If you’ve been following Shed Style for any period of time, by now, you know that I use the term “SHED” quite broadly to describe “a shelter in the garden.”
And so, here are two very different, but equally enticing, glimpses of garden shed architecture that I had the good fortune to tour earlier this week. The occasion: a preview of the Feb. 28th study tour that Betsy Flack of Garden Conservancy has designed to accompany the Feb. 27th seminar: Gardens that Re-Make Themselves.
The seminar will examine the restoration of historic gardens to reflect the original architecture and period, as well as sustainable design practices that today’s garden makers can use to ensure their landscapes endure for future generations. Several really incredible established gardens, mostly in Pasadena, will be open to seminar participants who take the study tour.
The garden structures I visited are relatively new, but they were designed – in the spirit and character of the property’s origins – to fit into older landscapes .

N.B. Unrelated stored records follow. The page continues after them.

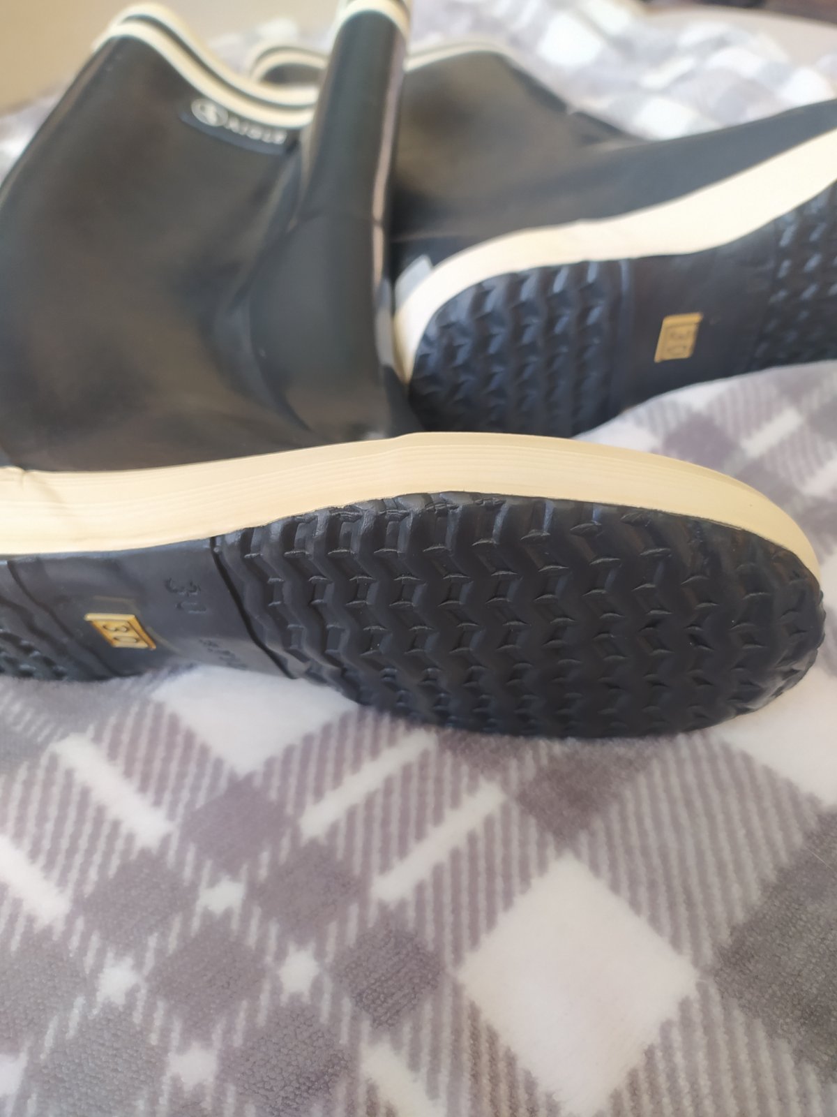 Nové, nenosené gumáky. Odstáli 1/2 roka v skrini, farebný rozdiel na bielej časti je už od výroby, resp. zo skladu také prišli.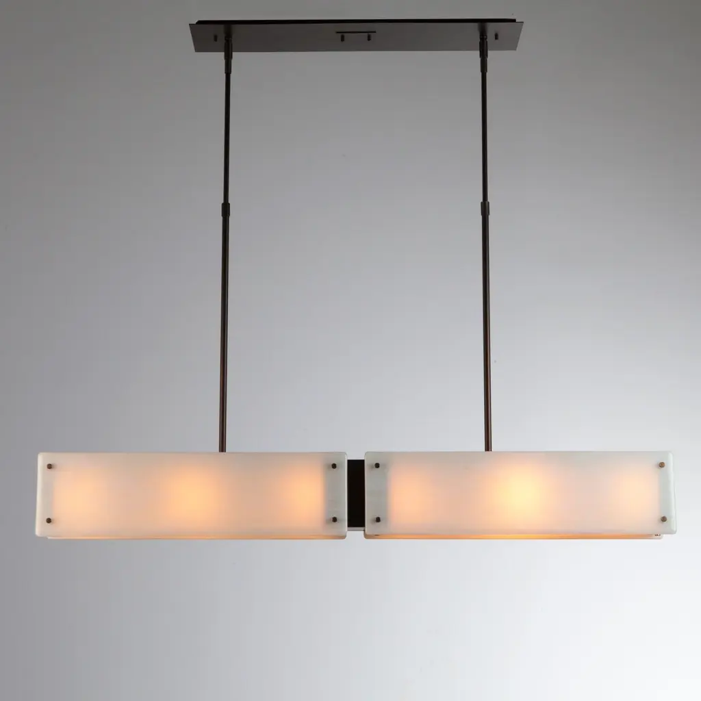 Textured Glass Led 44.4 Inch Matte Black Linear Pendant Ceiling Light In Frosted Granite, 2700k Led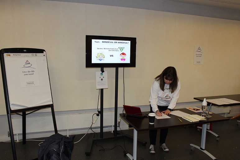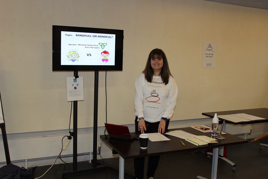 The aim of the presentation was to introduce the mindfulness that I practice based on the dialectical behaviour therapy (DBT) model of mindfulness practice. There's a lot of confusion between mindfulness with a practical element to it like the sessions today and the Buddhist principle and practices of mindfulness.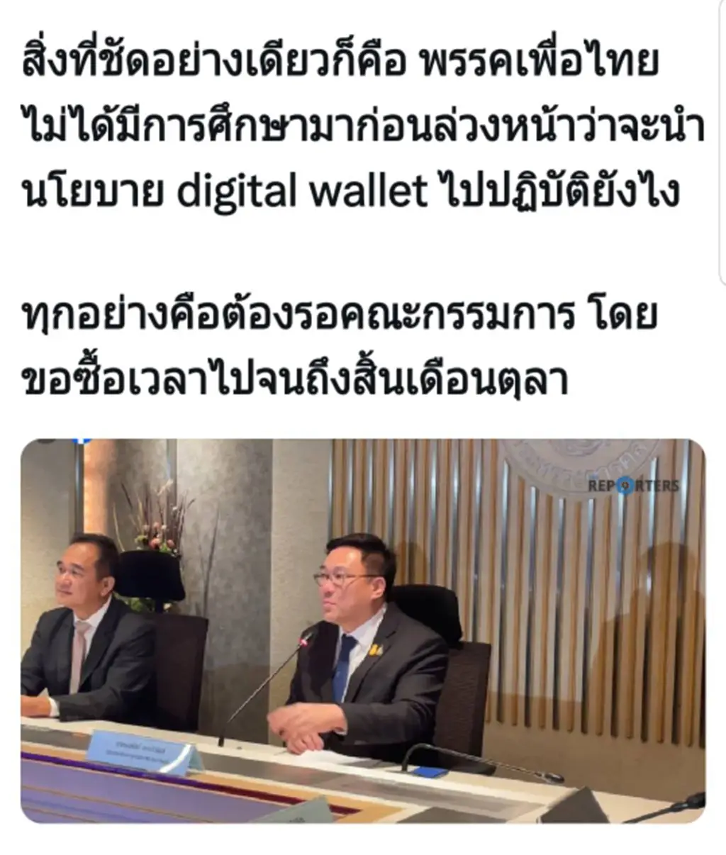 สิ่งที่ชัดอย่างเดียวก็คือ พรรคเพื่อไทยไม่ได้มีการศึกษามาก่อนล่วงหน้าว่าจะนำนโยบาย digital wallet ไปปฏิบัติยังไง ทุกอย่างคือต้องรอคณะกรรมการ โดยขอซื้อเวลาไปจนถึงสิ้นเดือนตุลา

“M’s” Garden House stands at the back of a long, narrow garden in an historic Pasadena neighborhood.
The 1926 residence, a one-story Mediterranean-style bungalow, is situated near the front of the 50-by-195 foot lot. Because her house is closer to the sidewalk, the parcel behind the house is very park-like. She has preserved and enhanced the original hard-scape and bones of this Italian-inspired garden. It is truly amazing to see the setting and realize it is 83 years old.
At the far end of the garden path stands a scallop-topped swinging gate. According to the owner, the gate originally led to an old tool shed for garden storage.
But she had other plans for this underutilized space and asked her architect to design a garden structure in keeping with the garden’s vintage.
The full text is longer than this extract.